В двух веках. Жизненный отчет российского государственного и политического деятеля, члена Второй Государственной думы (Гессен) - страница 129

Со времени декабристов Петропавловская крепость приобрела мрачную репутацию, но нас посадили не в страшный равелин, а в какой-то двухэтажный корпус с просторными теплыми камерами, невыгодно отличавшимися от «предварилки» тем, что небольшое окно было под самым потолком и скупо пропускало свет. Электрическая лампочка в шаре из толстого стекла горела всю ночь, так что день от ночи мало чем отличался, и – это было главное: царила непроницаемая тишина, ни одного звука извне не доносилось. Перед тем как попасть в камеру, нужно было пройти через кордегардию, перенасыщенную отвратительным затхлым запахом начищенных сапог с человеческим потом. Здесь жандармы бодро вскакивали при вводе арестованного: вот мы за тебя примемся! – и, раздев догола, приступали к тщательнейшему личному обыску и обряжали в казенное белье, туфли и серый халат. На короткую прогулку выводили в какой-то маленький дворик, а котором тоже ни единого звука не было слышно. Эта могильная тишина вообще была тягостна, я не в состоянии был ее перенести: мучивший меня сердечный невроз, выражавшийся припадками удушливого сердцебиения, разыгрался вовсю, с трудом удавалось преодолеть истерику. Очень внимательный комендант обратил внимание на мое состояние, и через несколько дней меня перевезли в больницу при Выборгской тюрьме («Кресты») и все еще под строгим присмотром пометили в камере, где в свое время лежал убийца Плеве Сазонов.

Допрос проводился не в Охранном отделении, а в жандармском управлении, но в это время власть уже успокоилась и не решилась ставить вопросы относительно «временного правительства». Еще через несколько дней одного за другим нас выпустили из узилища без дальнейших последствий, и лишь тогда неугомонный Анненский стал распределять «портфели», причем меня назначил обер-прокурором Святейшего синода, а себе оставил пост морского министра, так как пуще огня боялся морской качки.

В дни моего заключения жена бросалась во все стороны, к тем сановникам, которые меня знали, но Щегловитов просто испугался ее появления и чуть не перед носом запер двери. Лопухин облыжно уверил, что видел меня в крепости совершенно здоровым, и лишь Витте горячо откликнулся, содействовал скорейшему освобождению, и, когда, вернувшись домой, я по телефону благодарил, он, не стесняясь, злобно сипел: «Дураки, потеряли голову и не знают, что делают». Глупее и впрямь трудно было что-нибудь придумать.
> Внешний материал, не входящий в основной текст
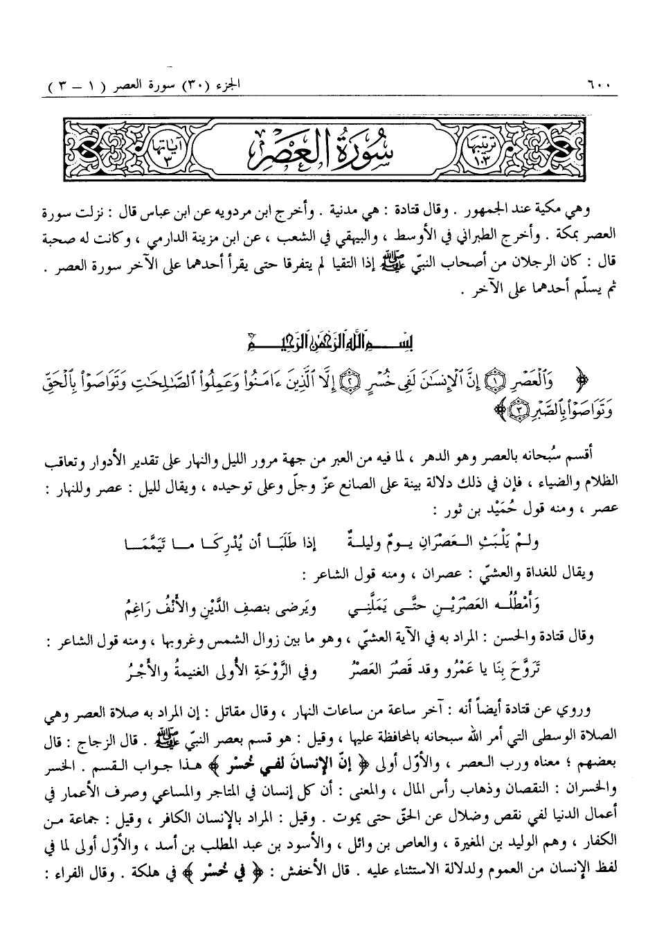 وَرُوِيَ عَنْ قَتَادَةَ أَيْضًا أَنَّهُ: آخِرُ سَاعَةٍ مِنْ سَاعَاتِ النَّهَارِ، وَقَالَ مُقَاتِلٌ: إِنَّ الْمُرَادَ بِهِ صَلَاةُ الْعَصْرِ وَهِيَ الصَّلَاةُ الْوُسْطَى الَّتِي أَمَرَ اللَّهُ سُبْحَانَهُ بِالْمُحَافَظَةِ عَلَيْهَا، وَقِيلَ: هُوَ قَسَمٌ بِعَصْرِ النَّبِيِّ صَلَّى اللَّهُ عَلَيْهِ وَسَلَّمَ. قَالَ الزَّجَّاجُ: قَالَ بَعْضُهُمْ مَعْنَاهُ وَرَبِّ الْعَصْرِ، وَالْأَوَّلُ أَوْلَى إِنَّ الْإِنْسانَ لَفِي خُسْرٍ هَذَا جَوَابُ الْقَسَمِ. الْخُسْرُ وَالْخُسْرَانُ: النُّقْصَانُ وَذَهَابُ رَأْسِ الْمَالِ، وَالْمَعْنَى: أَنَّ كُلَّ إِنْسَانٍ فِي الْمَتَاجِرِ وَالْمَسَاعِي وَصَرْفِ الْأَعْمَارِ فِي أَعْمَالِ الدُّنْيَا لَفِي نَقْصٍ وَضَلَالٍ عَنِ الْحَقِّ حَتَّى يَمُوتَ. وَقِيلَ: الْمُرَادُ بِالْإِنْسَانِ الْكَافِرُ، وَقِيلَ: جَمَاعَةٌ مِنَ الْكُفَّارِ، وَهُمُ الْوَلِيدُ بْنُ الْمُغِيرَةِ، وَالْعَاصُ بْنُ وَائِلٍ، وَالْأَسْوَدُ بْنُ عَبْدِ الْمُطَّلِبِ بْنِ أَسَدٍ، وَالْأَوَّلُ أَوْلَى لِمَا فِي لَفْظِ الْإِنْسَانِ مِنَ الْعُمُومِ وَلِدَلَالَةِ الِاسْتِثْنَاءِ عَلَيْهِ. قَالَ الْأَخْفَشُ: لَفِي خُسْرٍ فِي هَلَكَةٍ. وَقَالَ الْفَرَّاءُ:

Поведение интеллигенции перед этим страшным днем было просто беспомощным метанием, а начальство превратило депутацию в героев – с утра до вечера приезжали друзья и знакомые с выражением сочувствия, и одна экспансивная дама заявила, что не будет мыть руку, удостоившуюся пожатия героя. Однако времена меняются, и из революционеров, какими считало нас царское правительство и преследовало, мы были разжалованы советской властью в контрреволюционеров. В 1918 году Кровавое воскресенье было объявлено началом революции и торжественно праздновалось, а бывший «герой» вынужден был тщательно скрываться, потому что именно перед праздниками ЧК производила массовые аресты среди интеллигенции. Теперь из состава депутации большинство уже умерло, а те, что остались в живых, томятся в рассеянии, кроме Максима Горького, который после недолгих капризных колебаний побежал за колесницей победителей, у них преуспел и с большой помпой похоронен в Москве.